Tom Hayden is teaching social sciences. He's by far not a capitalist... his salary is pretty squat, but teaching is an extraodrinary way to make CERTAIN people understand the struggle and CONTINUE to care. Especially in his subject. And believe me, from personal knowledge, he does it well and unflaggingly. He's served several terms in the California Assembly. He's written fifteen books on gangs, violence, social conscience, wars and all sorts of IMPORTANT themes [as opposed to bragging/bullying blogs]; the lastest released in 2007, "Ending the War in Iraq." He continues to sit on the board of the influential Progressive Democrats of America.

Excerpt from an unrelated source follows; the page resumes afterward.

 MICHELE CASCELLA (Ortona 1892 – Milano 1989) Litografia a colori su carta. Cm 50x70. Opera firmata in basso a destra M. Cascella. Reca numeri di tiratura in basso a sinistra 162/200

Joan Baez hasn't been making a "comeback" because she's never been gone. Heard of Camp Casey? The March on Washington just a few months ago? The movement to save the cooperative farm in South Central Los Angeles? Check her website. And... her songs remain the same. Outspoken, open and on-target. And btw, she by no means "shut up" about the IRS. She fought for years. And guess what: it wasn't her "boyfriend," it was her HUSBAND David Harris: and he didn't do jail time for any IRS beef: he did JAIL TIME for resisting the draft. I think he's paid his dues, and I think most people would agree. Heard *any* of her recent cuts? Apparently not: "Christmastime in Washington" "Jerusalem" "The River is Wide" "With God on Our Side"... the list is endless. Or do you only care what she did once on backwater TV, where who knows what they cut, while nine months out of the year, *every year,* she's out touring the entire world live and in person? Or perhaps you're too involved with jazz to care about her Lifetime Achievement Grammy THIS YEAR? In two years she'll have been touring for FIFTY YEARS. She's been protesting for 55 already. What have you got to show for your opinions besides bitterness that you're not one of the "capitalists" you mock because you haven't made it big enough?

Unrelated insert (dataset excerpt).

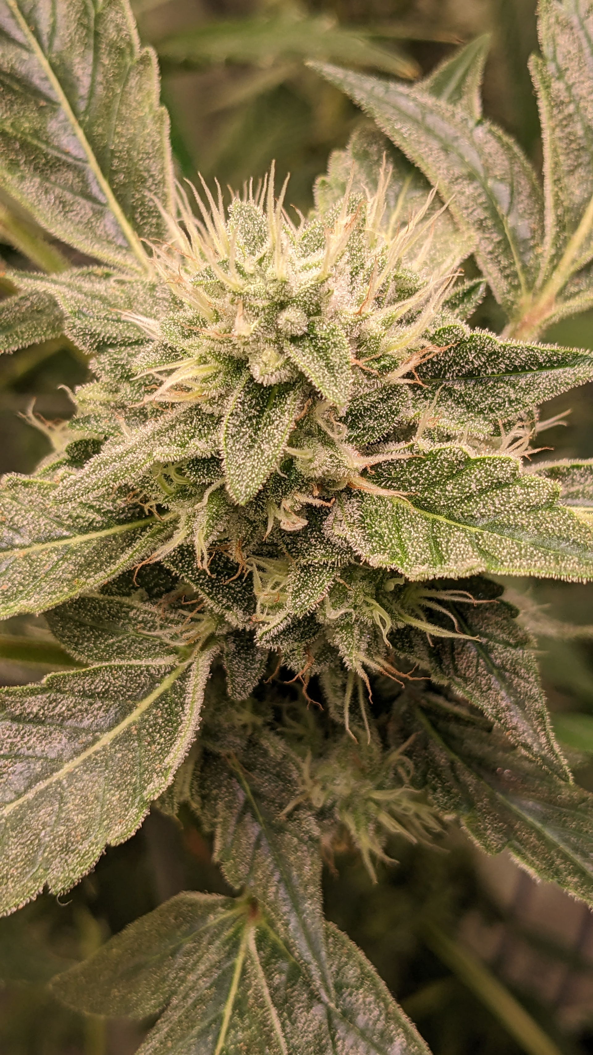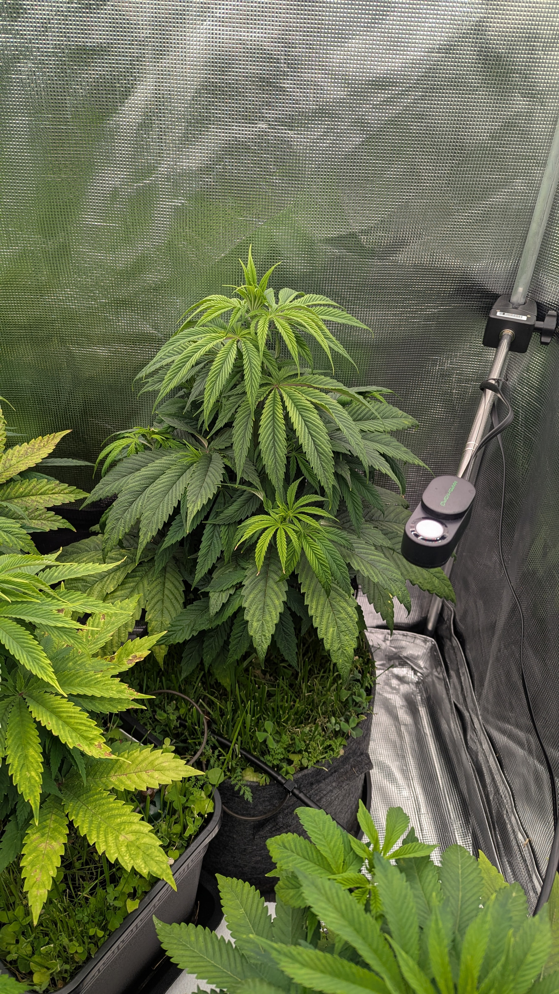 Der linke Kolben ist eine Kreuzung Zelda Runtz x Smack Town die bisher immer richtig gut gewachsen ist, warum die eine komische Bud Struktur hat weiß ich nicht aber da ich genug Platz habe darf so gut wie jede Pflanze bleiben.

Jane Fonda has run a long-standing worldwide campaign against the oppression of women, particularly the genital mutilation of girls in certain cultures. She has acted for decades in an effort to call attention to the need for an end to the Israeli-Palestinian conflict as well as more recently the war in Iraq, and has taken enough hell already for "Hanoi Jane." She postponed her anti-war rally tour due to the devastation wrought by Katrina. You're only about five decades behind the times.

How about you use some of your resources... such as even the lowly internet... before you decide to dissog people you clearly knew nothing of in the first place and know even less of now just because your limited interests are focused on your lack of musical talent, and others have been using their talents to better the world.

Your jealousy, and nothing else, is showing.